- Prep time
- 30 minutes, plus 2 hours proofing PT0.5M
- Cook time
- 20 minutes PT20M
- 2 pizza crusts
Want to make the ultimate beer-lover's pizza? Start with this quick and simple crust, flavored with your favorite brew.
- 2½ cups unbleached, all-purpose flour
- 1½ cups semolina
- 2 teaspoons instant yeast
- 1 teaspoon baking powder
- 1½ teaspoons salt
- 2 tablespoons olive oil
- 1½ cups beer, room temperature
Preheat oven to 450°F.
Combine all ingredients in the bowl of a stand mixer fitted with a dough hook. Mix on low for 6 minutes or until dough is smooth. If you don't have a stand mixer, you can knead the dough by hand until a smooth, soft ball forms.

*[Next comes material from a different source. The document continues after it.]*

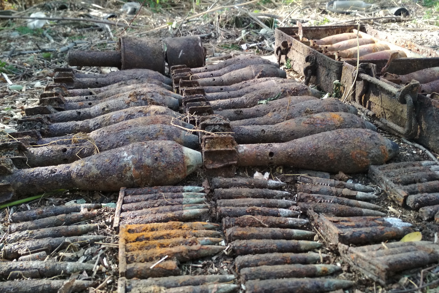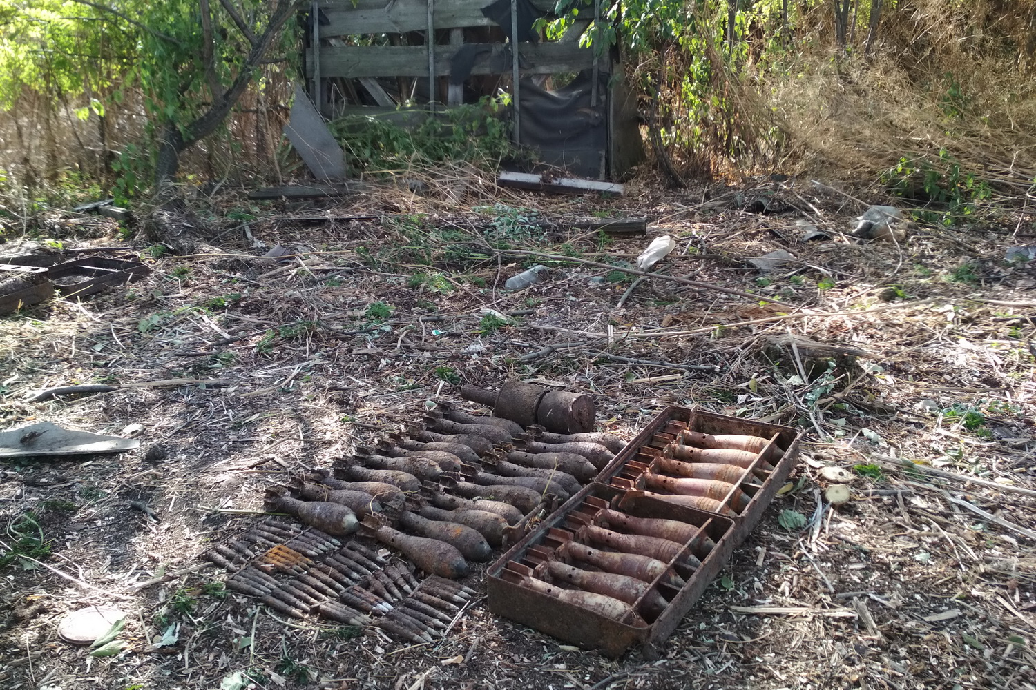 Кроме того, в этот же день пиротехническая группа также провела разминирование устаревших боеприпасов, обнаруженных на заброшенном дворе в сел. Довгенькое Изюмского района. Во время уборки от мусора соседи нашли один металлический предмет, похожий на минометную мину. Пиротехники провели обследование прилегающей к месту находки территории с помощью металлоискателя и обнаружили на глубине около полуметра еще 29 подобных минометных мин диаметром 50 мм, 2 ручных гранаты и 50 патронов к стрелковому оружию.

Cover dough and proof for 2 hours at room temperature. Divide dough in half; shape each half into a 10–12-inch circle.
Place the dough circles on a lightly greased or parchment-lined baking sheet and bake for 5 minutes. Remove crusts from oven, top as desired and bake for an additional 10–15 minutes, or until the bottom of the crust is crisp and the cheese is bubbly and browned. Serve while hot.
Techniques used in this recipe:
- bake blind
- Partially or completely bake an unfilled pastry crust.